▶ **Data for this exercise**:
◇ ◇ ◇

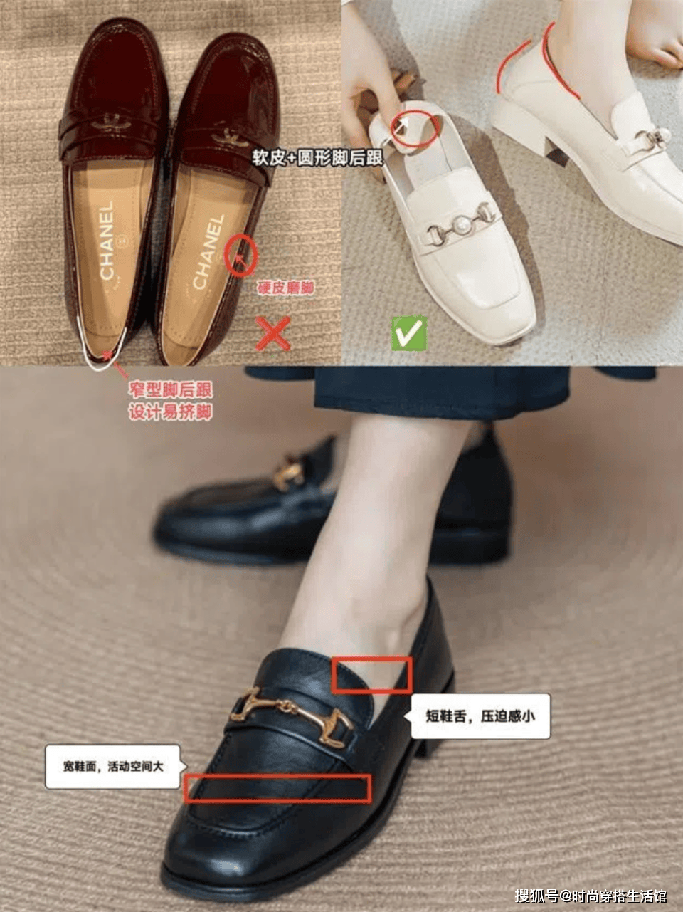 乐福鞋是典型的无鞋带、宽鞋舌式单鞋,有中性廓形的休闲,亦有细腻皮革、鞋面装饰带来的优雅。 选款只需满足“舒适性、美观性、易搭配性”这三个特征,就能拒绝磨脚、挤脚等烦恼!时髦精们早就总结好了选款要点。
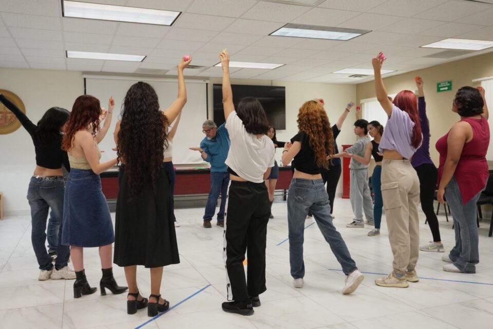 Nuevo Casas Grandes, Chih. – Estudiantes que integran los grupos representativos del Campus de la Universidad Autónoma de Ciudad Juárez (UACJ) en Nuevo Casas Grandes tomaron la Masterclass titulada “Desenvolvimiento escénico” la cual fue impartida por el maestro César Cabrera Sánchez.
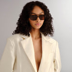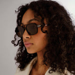 The Dusty by Luv Lou in Classic Tort is your true vintage aviator frame — large in structure but soft when shaping your face. The style features subtle gold rivets on the outer arm temple and is a nod to the 70's era.
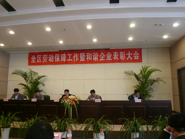 4月29日上午,集團人力資源代表參加了在保稅區創業大廈召開的全區勞動保障工作暨和諧企業表彰大會。會議由保稅區管委會徐紅副主任主持,保稅區管委會各相關負責人參加了會議。
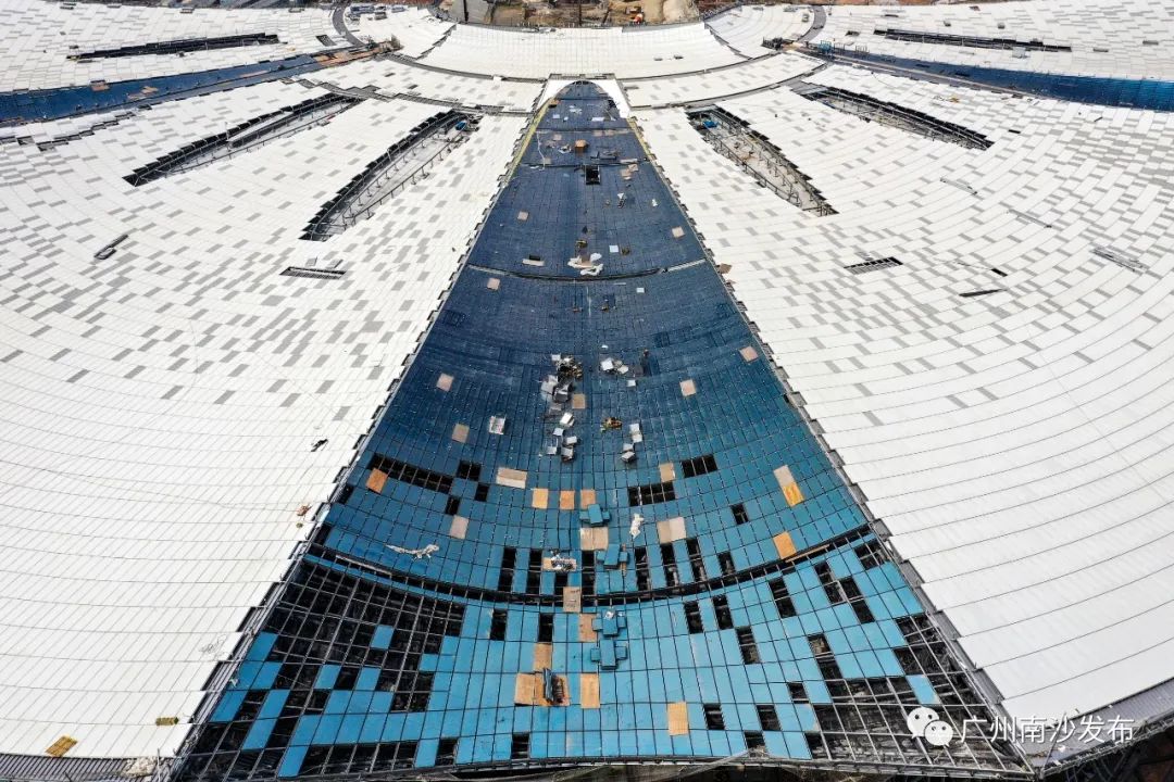 小南登上国际会议中心金属屋面看到,屋面的装饰铝板已基本铺设完成,“木棉花”已然盛开。
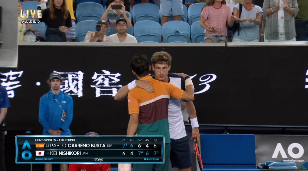 【死闘】錦織、カレーニョブスタとの5時間マラソンマッチ制し、全豪ベスト8進出!!前半 2019年01月21日 22:52 カテゴリ:錦織全豪オープン【オーストラリアンオープン】 コメント(100) 35: 名無しさん 2019/01/21(月) 16:04:27.18 ID:Xzxho38B0相手はどういうタイプの選手なんや?57: 名無しさん 2019/01/21(月) 16:06:16.31 ID:I0ATvYPya>>35 前の試合のソウザみたいなタイプ タグ :#テニス#錦織#カレーニョブスタ#全豪オープン2019#死闘#名試合
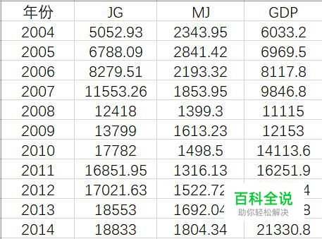首先找到相关数据并列入表格,其中JG代表北京市商品房价格(元),GDP代表北京市国内生产总值(亿元),MJ代表商品房总面积(万平方米)。
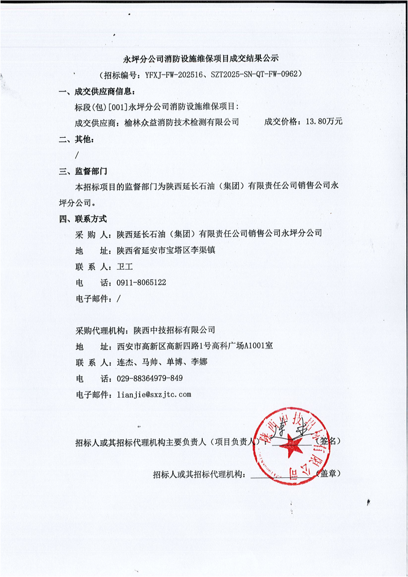 永坪分公司1号储罐区泡沫中心更换水成膜泡沫液项目成交结果公示
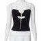 The style of this top is described as “Sweet and Spicy,” which perfectly captures its dual nature. The sweetness comes from the delicate three-dimensional flower decorations that add a feminine touch, while the spicy element is introduced through the bold black color and the sleek, slim fit. This combination makes the top suitable for a variety of settings, from casual to more formal occasions.
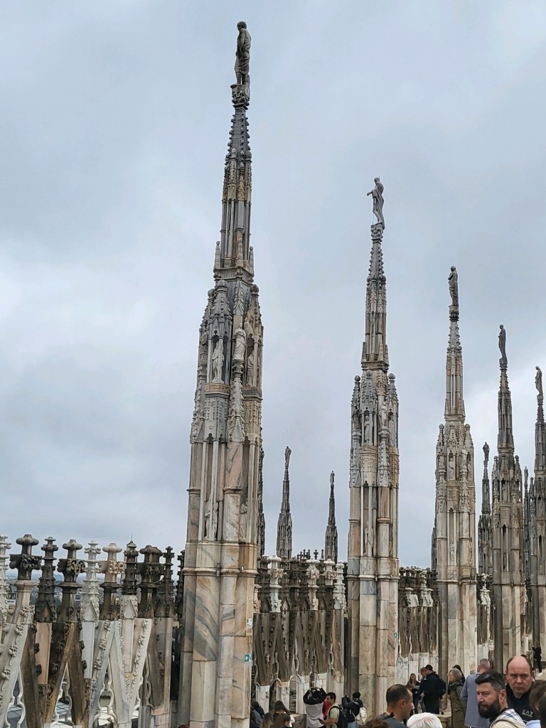Our first order of business was to buy tickets to climb onto the roof of the duomo. Three of us had already experienced the roof walk years ago, but my husband and sister in law had not. It was fascinating climbing among the gargoyles far above the city and we wanted to share the experience.
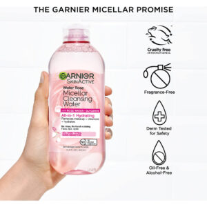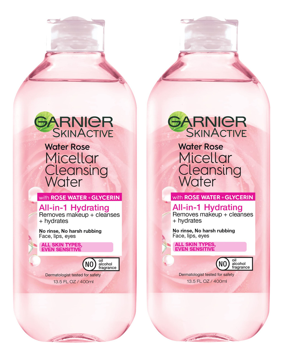 Água micelar Garnier com água de rosas e glicerina, limpador facial hidratante e removedor de maquiagem, para todos os tipos de pele, vegana, livre de crueldade, 400 ml (13,5 fl oz), 2 unidades — Limpador de água micelar micelar multifuncional: essa água micelar hidratante multifuncional é um limpador facial surpreendentemente poderoso e removedor de maquiagem sem enxágue que é suave para a pele; vegana sem álcool, óleos ou fragrâncias — Para todos os tipos de pele: Como um ímã, as micelas capturam e removem sujeira, óleo e maquiagem sem esfregar ou enxaguar com força, deixando sua pele perfeitamente limpa sem ressecar – Garnier SkinActive foi desenvolvido com fórmulas suaves e ingredientes de origem natural para deixar sua pele fresca e saudável, independentemente do tipo de pele, encontre o sabonete facial, hidratante, removedor de maquiagem ou máscara para você – Coleção SkinActive: revele uma pele limpa, saudável e radiante com nossa linha de produtos de limpeza e hidratantes diários, com fórmulas para atender às necessidades de cada tipo de pele

◇ ◇ ◇

▶ **Task to carry out**: Using the records above, return verbatim only the part that opens with the line containing "The Dusty by" and closes with the line containing "永坪分公司1号储罐区泡沫中心更换水成膜泡沫液项目成交结果公示"; pictures stay out.

▶ **Written response**:
 The Dusty by Luv Lou in Classic Tort is your true vintage aviator frame — large in structure but soft when shaping your face. The style features subtle gold rivets on the outer arm temple and is a nod to the 70's era.
 4月29日上午,集團人力資源代表參加了在保稅區創業大廈召開的全區勞動保障工作暨和諧企業表彰大會。會議由保稅區管委會徐紅副主任主持,保稅區管委會各相關負責人參加了會議。
 小南登上国际会议中心金属屋面看到,屋面的装饰铝板已基本铺设完成,“木棉花”已然盛开。
 【死闘】錦織、カレーニョブスタとの5時間マラソンマッチ制し、全豪ベスト8進出!!前半 2019年01月21日 22:52 カテゴリ:錦織全豪オープン【オーストラリアンオープン】 コメント(100) 35: 名無しさん 2019/01/21(月) 16:04:27.18 ID:Xzxho38B0相手はどういうタイプの選手なんや?57: 名無しさん 2019/01/21(月) 16:06:16.31 ID:I0ATvYPya>>35 前の試合のソウザみたいなタイプ タグ :#テニス#錦織#カレーニョブスタ#全豪オープン2019#死闘#名試合
首先找到相关数据并列入表格,其中JG代表北京市商品房价格(元),GDP代表北京市国内生产总值(亿元),MJ代表商品房总面积(万平方米)。
 永坪分公司1号储罐区泡沫中心更换水成膜泡沫液项目成交结果公示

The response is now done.